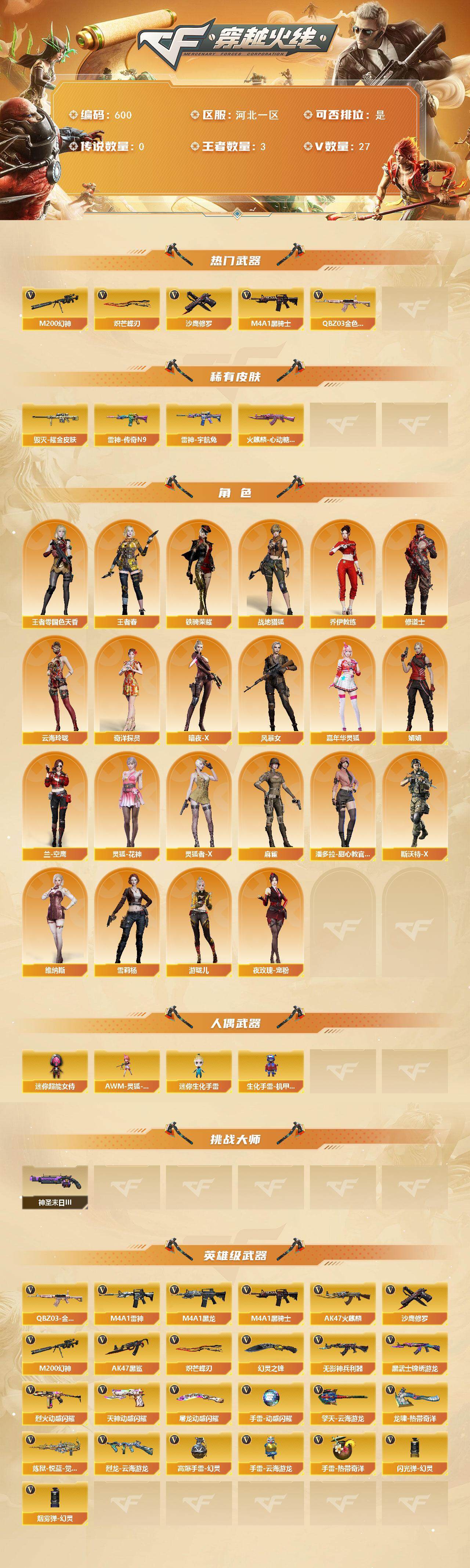 [14212659]河北一区-27v-3王者-0炫金 【热门武器】:q03-金色蔷薇,m200-幻神,m4a1-黑骑士,沙鹰-修罗,炽芒蝶刃 【皮肤】:雷神-传奇n9,雷神-宇航兔皮肤,火麒麟-心动糖果,毁灭耀金皮肤 【角色】:战地猎狐,王者-零-国色天香,王者春,奇洋探员,乔伊教练,修道士,云海玲珑,暗夜-x,风暴女2,嘉年华灵狐,娟娟,兰-空鹰,灵狐-花神,灵狐者-x,麻雀,潘多拉-甜心教官,斯沃特-x,铁骑荣耀,维纳斯,雪莉杨,夜玫瑰-宠粉,游珑儿 【人偶武器】:awm-灵狐-15周年嘉年华,迷你生化手蕾,生化手蕾-机甲核心,迷你超能女侍 【挑战大师】:神圣爆裂者-末日iii 【英雄级武器】:ak47-火麒麟,m4a1-黑龙,m4a1-雷神,m4a1-黑骑士,ak47-黑鲨,无影-神兵利器,黑武士-锦绣游龙,q03-金色蔷薇,烈火-动感闪耀,m200-幻神,炼狱-悦蓝-觉醒版,烈龙-云海游龙,沙鹰-修罗,天神-动感闪耀,幻灵之锋2,炽芒蝶刃,屠龙-动感闪耀,擎天-云海游龙,龙啸-热带奇洋,高爆手蕾-幻灵,手蕾-动感闪耀,手蕾-云海游龙,手蕾-热带奇洋,闪光丹-幻灵,盐雾蛋-幻灵 【道具】:bs战队炫彩背包,云海游龙炫彩背包,全能呛王背包,奇洋探员-海龟背包,女皇终结者-背包,超级背包,女皇终结者-魔龙之吻,救世主-黑桃战神,黄金生化钩,绿色巨人,灵魂忍者3,变异宝贝,迷雾幽灵3,生化弹匣,夺命之镰,防化服3,金色流光-呛王排位2,星辰流光-呛王排位,呛王排位28赛季金色流光,语音特效-生化,热带奇洋打击特效,热带奇洋表情,动感闪耀表情2,云海游龙表情,防弹头盔3,防弹衣3,c4工具钳3,手蕾包3 【特殊呛械】:1黑骑士
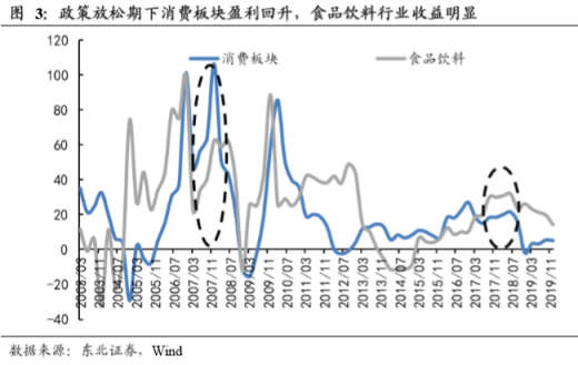 从行业上看,无论是2007年3月后还是2017年9月以后,消费板块和食品饮料盈利均出现了上升。尤其是在经济相对疲软期,食品饮料行业直接受益地摊经济,部分低端消费品(啤酒、调味品等)受益更加明显。
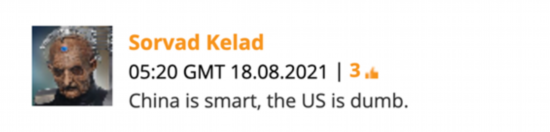 “中国聪明,美国愚蠢。”↓
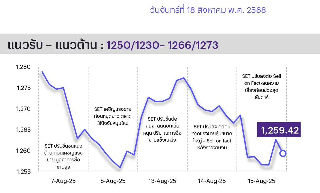 ช่วงสั้นมอง SET มีโอกาสพักฐาน หลังดัชนีปรับขึ้นต่อเนื่องจนเข้าใกล้แนวต้านสำคัญที่ 1280/1300 จุด ซึ่งคาดได้สะท้อนถึงแรงหนุนจาก Fund Flow ที่ไหลเข้าและการปรับลดดอกเบี้ยนโยบายของ กนง. ไปแล้วในระดับหนึ่ง สัปดาห์นี้คาดตัวเลข GDP 2Q68 และการส่งออกไทยจะออกมาดีกว่าตลาดคาดเช่นเดียวกับที่เกิดขึ้นในช่วงก่อนหน้า ส่วนประเด็นการเมืองที่เกี่ยวกับคดีของอดีตนายกฯ ทักษิณมองไม่มีนัยยะกับตลาด แต่ต้องจับตา ป.ป.ช. ว่าจะมีมติส่งคดีตามมาตรา 144 ซึ่งเกี่ยวกับการโยกงบประมาณไปใช้ในโครงการ Digital Wallet ให้ศาล รธน. วินิจฉัยหรือไม่ ซึ่งอาจเพิ่มความผันผวนให้กับตลาดได้ กลยุทธ์ลงทุนแนะนำให้ “Selective Buy”
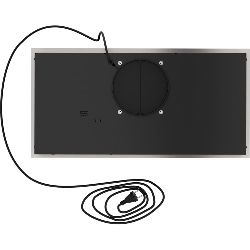 Воздух всасывается по периметру вытяжки через узкие щели. Он собирается в потоки, которые направляются прямо к фильтрам внутри, не рассеивается на кухне. Благодаря этой технологией вытяжку можно сделать компактнее и энергоэффективнее.
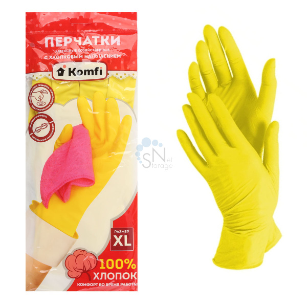 товары для школы и офиса Перчатки латексные 1 пара (2 шт) размер ХL с х/б напылением Komfi 3048 желтые
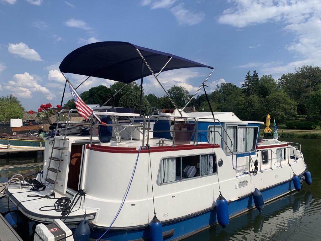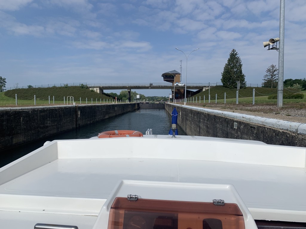 After dropping off our guests we headed back north on the Saône from SJL towards the Locaboat base in Scey-sur-Saône. Last summer, while cruising, we noticed a few Locaboat rentals with biminis so we contacted Locaboat. €2,010 seemed a bit steep but we knew it would fit and we desperately needed one so we ordered it. Now it was time to pick it up (after replacing the bow thruster control panel on the flybridge – yes, it is never ending)!
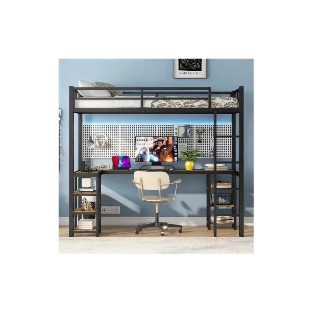 Bellemave Twin Xl Loft Bed Frame With Desk And Storage Shelves, Metal Loft Bed With Ladder And Guardrails, Black
------------------------
Your objective: Repeat the listing verbatim without its pictures.

Answer for the task:
 [14212659]河北一区-27v-3王者-0炫金 【热门武器】:q03-金色蔷薇,m200-幻神,m4a1-黑骑士,沙鹰-修罗,炽芒蝶刃 【皮肤】:雷神-传奇n9,雷神-宇航兔皮肤,火麒麟-心动糖果,毁灭耀金皮肤 【角色】:战地猎狐,王者-零-国色天香,王者春,奇洋探员,乔伊教练,修道士,云海玲珑,暗夜-x,风暴女2,嘉年华灵狐,娟娟,兰-空鹰,灵狐-花神,灵狐者-x,麻雀,潘多拉-甜心教官,斯沃特-x,铁骑荣耀,维纳斯,雪莉杨,夜玫瑰-宠粉,游珑儿 【人偶武器】:awm-灵狐-15周年嘉年华,迷你生化手蕾,生化手蕾-机甲核心,迷你超能女侍 【挑战大师】:神圣爆裂者-末日iii 【英雄级武器】:ak47-火麒麟,m4a1-黑龙,m4a1-雷神,m4a1-黑骑士,ak47-黑鲨,无影-神兵利器,黑武士-锦绣游龙,q03-金色蔷薇,烈火-动感闪耀,m200-幻神,炼狱-悦蓝-觉醒版,烈龙-云海游龙,沙鹰-修罗,天神-动感闪耀,幻灵之锋2,炽芒蝶刃,屠龙-动感闪耀,擎天-云海游龙,龙啸-热带奇洋,高爆手蕾-幻灵,手蕾-动感闪耀,手蕾-云海游龙,手蕾-热带奇洋,闪光丹-幻灵,盐雾蛋-幻灵 【道具】:bs战队炫彩背包,云海游龙炫彩背包,全能呛王背包,奇洋探员-海龟背包,女皇终结者-背包,超级背包,女皇终结者-魔龙之吻,救世主-黑桃战神,黄金生化钩,绿色巨人,灵魂忍者3,变异宝贝,迷雾幽灵3,生化弹匣,夺命之镰,防化服3,金色流光-呛王排位2,星辰流光-呛王排位,呛王排位28赛季金色流光,语音特效-生化,热带奇洋打击特效,热带奇洋表情,动感闪耀表情2,云海游龙表情,防弹头盔3,防弹衣3,c4工具钳3,手蕾包3 【特殊呛械】:1黑骑士
 从行业上看,无论是2007年3月后还是2017年9月以后,消费板块和食品饮料盈利均出现了上升。尤其是在经济相对疲软期,食品饮料行业直接受益地摊经济,部分低端消费品(啤酒、调味品等)受益更加明显。
 “中国聪明,美国愚蠢。”↓
 ช่วงสั้นมอง SET มีโอกาสพักฐาน หลังดัชนีปรับขึ้นต่อเนื่องจนเข้าใกล้แนวต้านสำคัญที่ 1280/1300 จุด ซึ่งคาดได้สะท้อนถึงแรงหนุนจาก Fund Flow ที่ไหลเข้าและการปรับลดดอกเบี้ยนโยบายของ กนง. ไปแล้วในระดับหนึ่ง สัปดาห์นี้คาดตัวเลข GDP 2Q68 และการส่งออกไทยจะออกมาดีกว่าตลาดคาดเช่นเดียวกับที่เกิดขึ้นในช่วงก่อนหน้า ส่วนประเด็นการเมืองที่เกี่ยวกับคดีของอดีตนายกฯ ทักษิณมองไม่มีนัยยะกับตลาด แต่ต้องจับตา ป.ป.ช. ว่าจะมีมติส่งคดีตามมาตรา 144 ซึ่งเกี่ยวกับการโยกงบประมาณไปใช้ในโครงการ Digital Wallet ให้ศาล รธน. วินิจฉัยหรือไม่ ซึ่งอาจเพิ่มความผันผวนให้กับตลาดได้ กลยุทธ์ลงทุนแนะนำให้ “Selective Buy”
 Воздух всасывается по периметру вытяжки через узкие щели. Он собирается в потоки, которые направляются прямо к фильтрам внутри, не рассеивается на кухне. Благодаря этой технологией вытяжку можно сделать компактнее и энергоэффективнее.
 товары для школы и офиса Перчатки латексные 1 пара (2 шт) размер ХL с х/б напылением Komfi 3048 желтые
 After dropping off our guests we headed back north on the Saône from SJL towards the Locaboat base in Scey-sur-Saône. Last summer, while cruising, we noticed a few Locaboat rentals with biminis so we contacted Locaboat. €2,010 seemed a bit steep but we knew it would fit and we desperately needed one so we ordered it. Now it was time to pick it up (after replacing the bow thruster control panel on the flybridge – yes, it is never ending)!
 Bellemave Twin Xl Loft Bed Frame With Desk And Storage Shelves, Metal Loft Bed With Ladder And Guardrails, Black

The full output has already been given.